Pes's travels with his cello to get to the tree weren't easy. It felt like embarking on a real-life adventure and required a heavy dose of bravery. As Pes explained, "After four hours by train from London, I was so close - only an 11-minute drive from The Sill Discovery Centre, where the footpath to Sycamore Gap starts. However, due to the public transportation strike, I was stuck at Haltwhistle with no buses or taxis." After many attempts, Fiona Forsythe, a volunteer at the tourist office, found Pes a lift to the Sill. "Yet the adventure was far from over because once I got there, I had to walk in abysmal weather conditions - through the mud - with my cello for 40 minutes. However, I have no regrets. The effort was worth it, and I will never forget this experience and the lovely people I met along the way. I also want to thank my friend and artist Deborah Schneebeli-Morrell who kindly lent her cello" recalled Pes.

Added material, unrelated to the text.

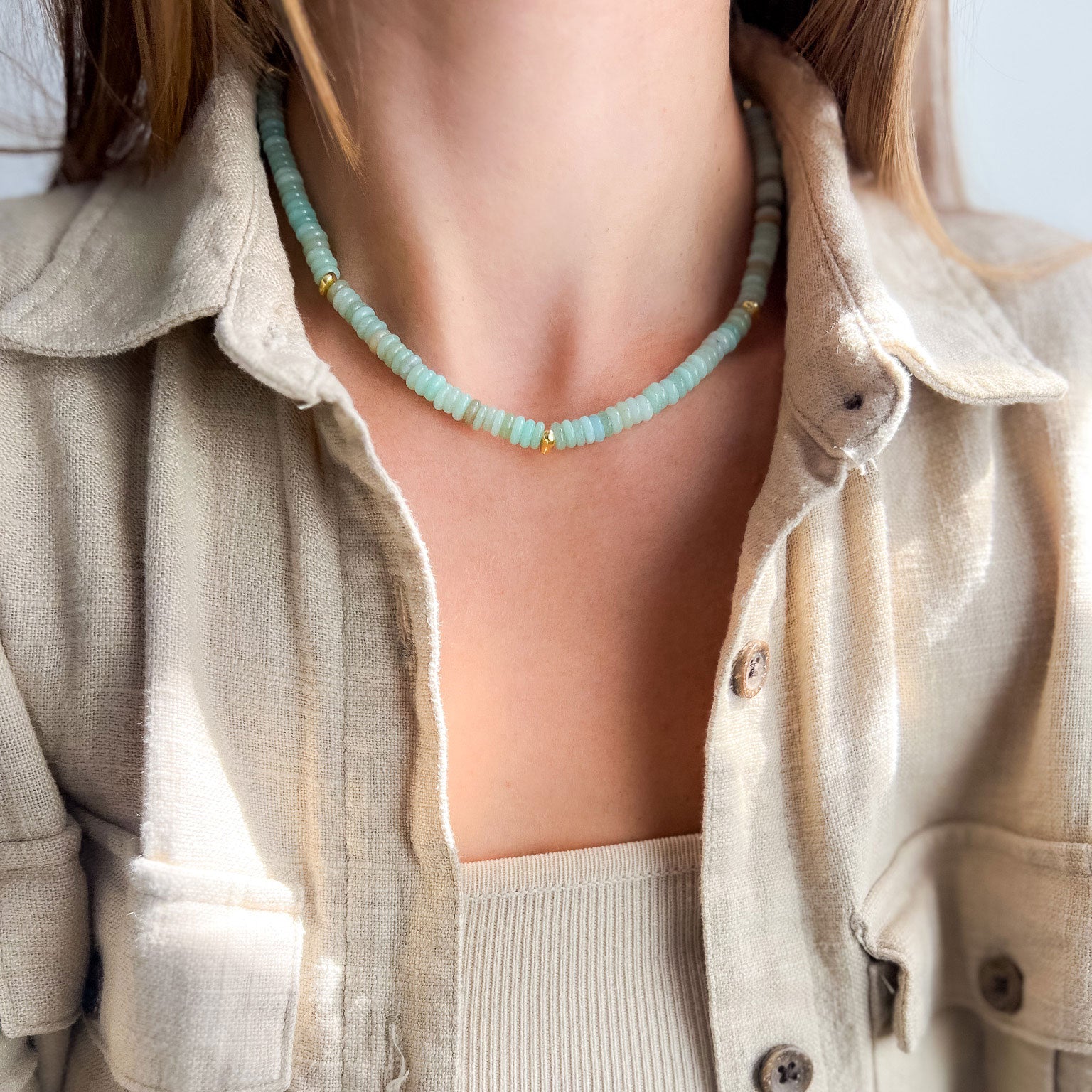 שרשרת בעבודת יד מוקפדת, עשויה מאבני אמזונייט טבעיות. עם שילוב חלקים בציפוי זהב.

Pes is committed to combining music and nature – and to making music relevant to current environmental issues. As a composer, he has already written many compositions inspired by nature and physics. He recently published a new single, 'Himalaya,' and it is not unusual to see him playing a hay cello constructed entirely from grass. His commitment to the environment inspired him to found the Blanc European Festival in Italy, that promotes a culture of respect and care for the environment through the arts.
Reporting on the performance on The Cello Museum website, curator Dr. Brenda Neece shared the idea to make cellos from the fallen tree and allow its voice to live on, even after this tragic loss.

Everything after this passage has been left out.